Friday, May. 30, 1969
Music Hath Charms . . .
Twelve hours a day for nearly two months, three groups of albino rats at a Texas Tech University laboratory were given some musical entertainment. One group of newborn rat pups was exposed to selections from Mozart--The Magic Flute, Symphonies 40 and 41, the Violin Concerto No. 5. A second group audited an equivalent daily dose of Arnold Schoenberg--Pierrot Lunaire, Verkldrte Nacht and Kol Nidre, among other compositions. The third set of rats, appointed as a control, heard nothing but the whirring of a ventilation fan.
At the end of this calculated bombardment, the three colonies were granted a 15-day respite from all music. Then they entered cages which allowed them, by tripping electric circuits, to opt either for Mozart or Schoenberg --in both cases, compositions they had not heard before--or to listen to nothing but the fan. The results should be encouraging to Mozart buffs. The rats exposed to his music during their compulsory concerts overwhelmingly tuned in on him. The group indoctrinated by Schoenberg split almost evenly between him and Mozart--as did the control group, which was unfamiliar with both composers.
The purpose of this peculiar experiment, which was arranged by Psychologists Henry A. Cross Jr., Charles G. Halcomb and William W. Matter, was not to prove how terrible atonalism is, but to see whether animals that seldom make much noise themselves could respond to the arranged sounds that humans know as music. Cross, who happens to prefer Mozart himself, has an explanation of why the rats agreed with his musical tastes. Schoenberg, the father of serial music, wrote works of extraordinarily complex harmonies and rhythms; in behaviorist jargon, his music is dense with "information bits." Mozart used the traditional chromatic scale and a regular, readily identifiable beat. To a novice listener, and perhaps to a rat as well, Schoenberg may sound too cacophonic. Mozart might appeal to rats by the power of repetition, says Cross, as they gained an appreciative familiarity with his regular and repeated cadences.

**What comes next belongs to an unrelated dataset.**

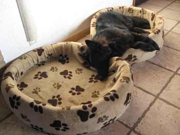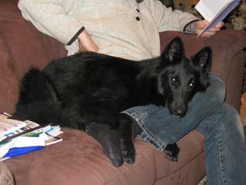 ![]() Kalish zoekt het hogerop bij Thea op de bank. Eigenlijk mogen ze bij ons niet op de bank... maar ach, zo'n lief klein ding... |
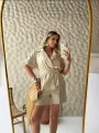 Conjunto Blusa e Short: estilo contemporâneo com caimento suave e cintura marcada pelo cinto elegante. Blusa de lapelas com manga dobrada e fechamento ajustável cria silhueta feminina; Short reto, com comprimento equilibrado, compõe um look moderno para qualquer ocasião. Tecido leve e macio oferece conforto duradouro e facilidade na hora de combinar. Ideal para passeios, encontros diurnos e viagens, com vibe casual-chic.

Cross's colleague, Halcomb, who is currently bombarding the ears of a creature with a more advanced auditory system, the guinea pig, with assorted sounds, eventually hopes to apply to man what he has learned from his music-loving rats. It may be possible, he argues, that the human infant is susceptible to far more sophisticated instruction than it ordinarily gets during its first months and years. If exposure can teach a baby rat, which to some scientists is not a very reliable creature for experimentation (TIME, Feb. 21), to discriminate between Mozart and Schoenberg, who can say what marvelous stuff can be dinned, just after birth, into the infinitely more malleable human brain?